Current Research

Maclean’s Cross in Cladh Sorobaidh, Tiree. Image by author.

Aerial and Satellite Archaeological Prospecting: Tiree, funded by the Society of Antiquaries of Scotland.

It is known from textual sources that numerous monasteries were established in the Hebrides in the early Christian period. Evidence relating to these sites may survive in place-names and dedications, or crosses and sculptural fragments. Investigating these sites in their entirety is difficult using traditional archaeological methods for a variety of reasons. The aim of this project is to survey suspected early monastic sites on the island of Tiree using remote sensing technologies, which enables broad areas to be analysed through airborne and satellite data.

View of Eilean Shona near the mouth of the River Shiel.

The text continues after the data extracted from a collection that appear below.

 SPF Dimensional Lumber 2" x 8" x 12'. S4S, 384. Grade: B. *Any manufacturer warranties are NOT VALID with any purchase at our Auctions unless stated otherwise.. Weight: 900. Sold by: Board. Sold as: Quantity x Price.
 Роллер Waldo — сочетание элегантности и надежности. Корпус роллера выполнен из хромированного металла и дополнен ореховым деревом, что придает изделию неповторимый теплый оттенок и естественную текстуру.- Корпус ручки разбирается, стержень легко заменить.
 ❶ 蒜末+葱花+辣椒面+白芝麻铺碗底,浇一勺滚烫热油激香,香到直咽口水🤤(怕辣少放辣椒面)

Image by author.

Places, Landscapes, and Religious Identity in Atlantic Scotland, ca. 350 BC – AD 800, supported by the Strathmartine Trust.

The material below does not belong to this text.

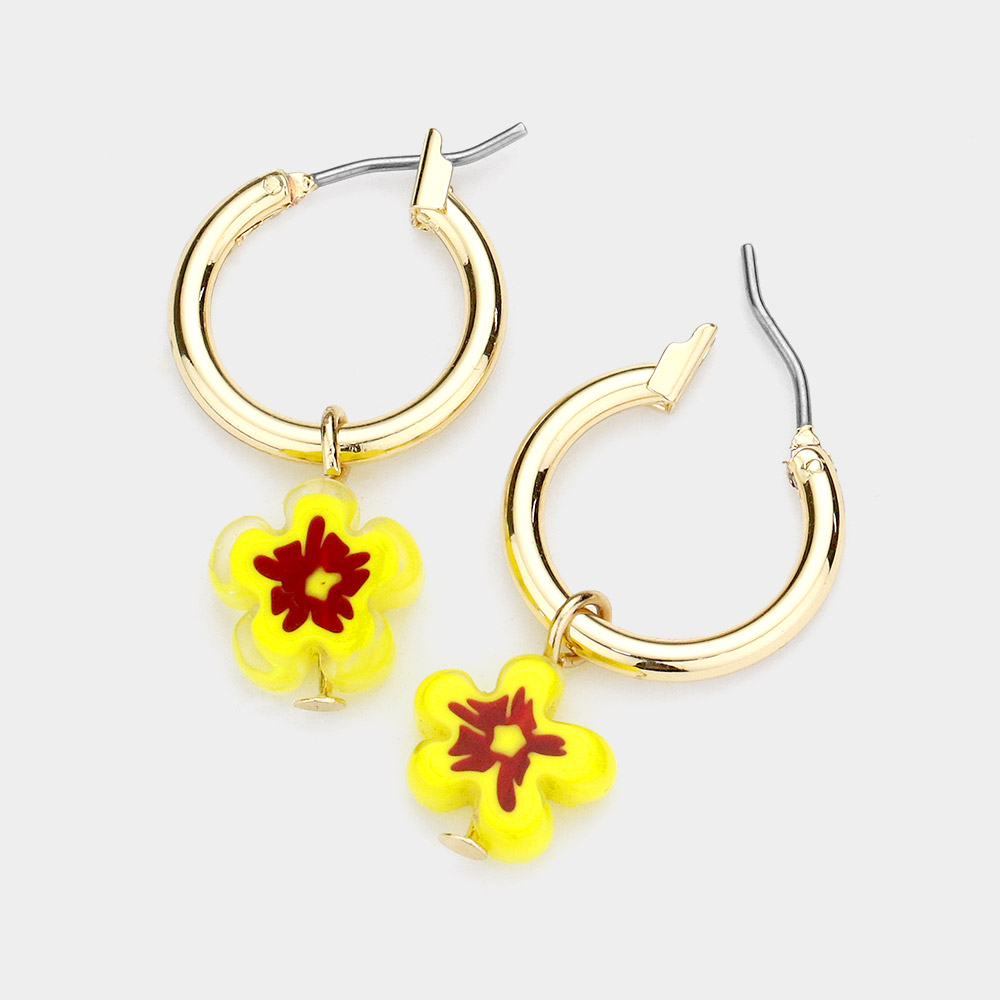 Patterned Flower Dangle Metal Hoop Pin Catch Earrings

This book examines the earliest written evidence naming peoples, places, and religious settlements in this sparsely documented region, in comparison with archaeological remains. This work demonstrates the fascination held by scholars in antiquity for this northernmost outpost of Celtic Europe, exploring the documentary remains of the Flavian Roman naval survey of this maritime environment and widespread interest in the places of Atlantic Scotland in ancient Mediterranean learned circles. Atlantic Scotland became a hub for monastic settlement in the early Christian period. The second half of this book explores the impact of the Christian conversion, examining references to places and religious landscapes recorded in early medieval texts. In combination with the ancient source material, this book revolutionizes our understanding of Atlantic Scotland in the pre-Viking age and stresses the importance of using Classical authors to corroborate the early medieval evidence upon which studies of this region have traditionally been based.